_The input:_
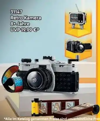 Den Preis von Retro Kamera finden Sie oben auf der Website, zusammen mit dem Datum, ab wann das Angebot erhältlich ist. Sie finden die Preise auch im aktuellen Lego Flugblatt oder auf der Lego Website. Durch die Angebote aus dem Flugblatt können Sie sicher sein, die Lego Produkte zum garantiert besten Preis zu ergattern.
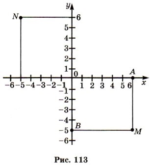 § 9. Координаты на плоскости 45. Координатная плоскостьМеста в зрительном зале кинотеатра задают двумя числами: первым числом обозначают номер ряда, а вторым — номер кресла в этом ряду (см. рис. на форзаце). При этом места (3; 8) и (8; 3) различны: первое является креслом № 8 в третьем ряду, а второе — креслом № 3 в восьмом ряду. Подобным образом можно обозначить и положение точки на плоскости. Для этой цели на плоскости проводят две перпендикулярные координатные прямые — х и у, которые пересекаются в начале отсчёта — точке О (рис. 113). Эти прямые называют системой координат на плоскости, а точку О — началом координат. Плоскость, на которой выбрана система координат, называют координатной плоскостью. Пусть М — некоторая точка координатной плоскости (рис. 113). Проведём через неё прямую МА, перпендикулярную координатной прямой х, и прямую МВ, перпендикулярную координатной прямой у. Так как точка А имеет координату 6, а точка В — координату -5, то положение точки М определяется парой чисел (6; -5). Эту пару чисел называют координатами точки М. Число 6 называют абсциссой точки М, а число -5 называют ординатой точки М. Координатную прямую х называют осью абсцисс, а координатную прямую у — осью ординат. Точку М с абсциссой 6 и ординатой -5 обозначают так: М(6; -5). При этом всегда на первом месте пишут абсциссу точки, а на втором — её ординату. Если переставить координаты местами, то получится другая точка — N(-5; 6), которая показана на рисунке 113.
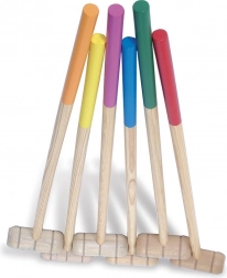 Set je izrađen od kvalitetnog bukovog drva s glatkom površinom za ugodan hvat, metalni obruči osiguravaju stabilnost na terenu, a tekstilna torba s patentnim zatvaračem omogućuje lako prenošenje i pohranu. Kvalitetna izrada u Francuskoj jamstvo je precizne obrade i dugog vijeka trajanja.
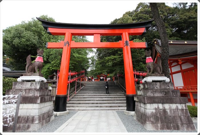| 左手邊有個朱紅大鳥居,沿著階梯往上爬就可以看到千本鳥居了,這也是大部分遊客來這邊的目的。 |
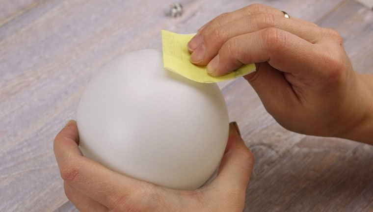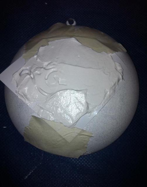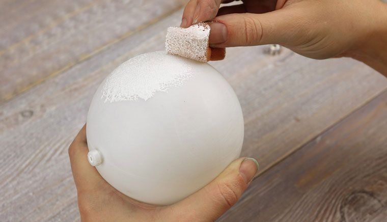 В качестве грунта можно использовать краску или гипс. Тонким слоем покрываем шар и оставляем сохнуть. Время сушки зависит от материала игрушки. При необходимости можно сделать многослойный грунт, но только после полного высыхания предыдущих мазков.
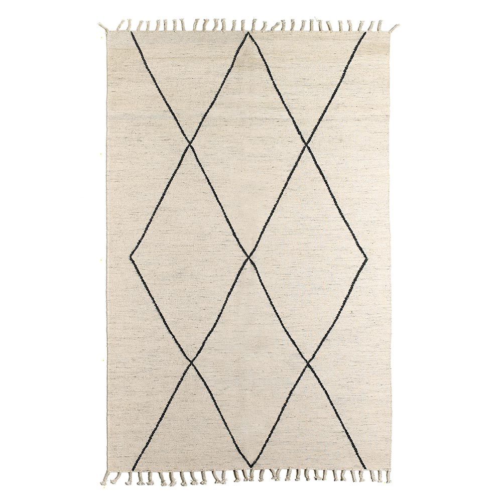 Dieser Teppich besteht aus Wolle und Baumwolle und wird " Kelim " oder ein haarloser Teppich genannt, der nicht geknotet, sondern von erfahrenen Webern handgewebt wird. Im Vergleich zu einem klassischen Teppich ist er leichter und weniger vollmundig und eignet sich perfekt als Dekorationsgegenstand, um das Dekor eines jeden Raums zu bereichern. Was das Produkt besonders auszeichnet, ist das geometrische Muster in Schwarztönen, das zusammen mit den Rändern, die die beiden kürzeren Seiten des Teppichs bedecken, Modernität verleiht. Die verwendeten Materialien und Techniken ermöglichen es, ein qualitativ hochwertiges Endprodukt zu erhalten, das die Aufmerksamkeit auf sich ziehen kann und jede Umgebung einzigartig macht.

_Task item:_ Leave out the pictures, and extract exactly the lines from the one with "В качестве грунта" through the end of the records, both ends included.

_Solution to this problem:_
 В качестве грунта можно использовать краску или гипс. Тонким слоем покрываем шар и оставляем сохнуть. Время сушки зависит от материала игрушки. При необходимости можно сделать многослойный грунт, но только после полного высыхания предыдущих мазков.
 Dieser Teppich besteht aus Wolle und Baumwolle und wird " Kelim " oder ein haarloser Teppich genannt, der nicht geknotet, sondern von erfahrenen Webern handgewebt wird. Im Vergleich zu einem klassischen Teppich ist er leichter und weniger vollmundig und eignet sich perfekt als Dekorationsgegenstand, um das Dekor eines jeden Raums zu bereichern. Was das Produkt besonders auszeichnet, ist das geometrische Muster in Schwarztönen, das zusammen mit den Rändern, die die beiden kürzeren Seiten des Teppichs bedecken, Modernität verleiht. Die verwendeten Materialien und Techniken ermöglichen es, ein qualitativ hochwertiges Endprodukt zu erhalten, das die Aufmerksamkeit auf sich ziehen kann und jede Umgebung einzigartig macht.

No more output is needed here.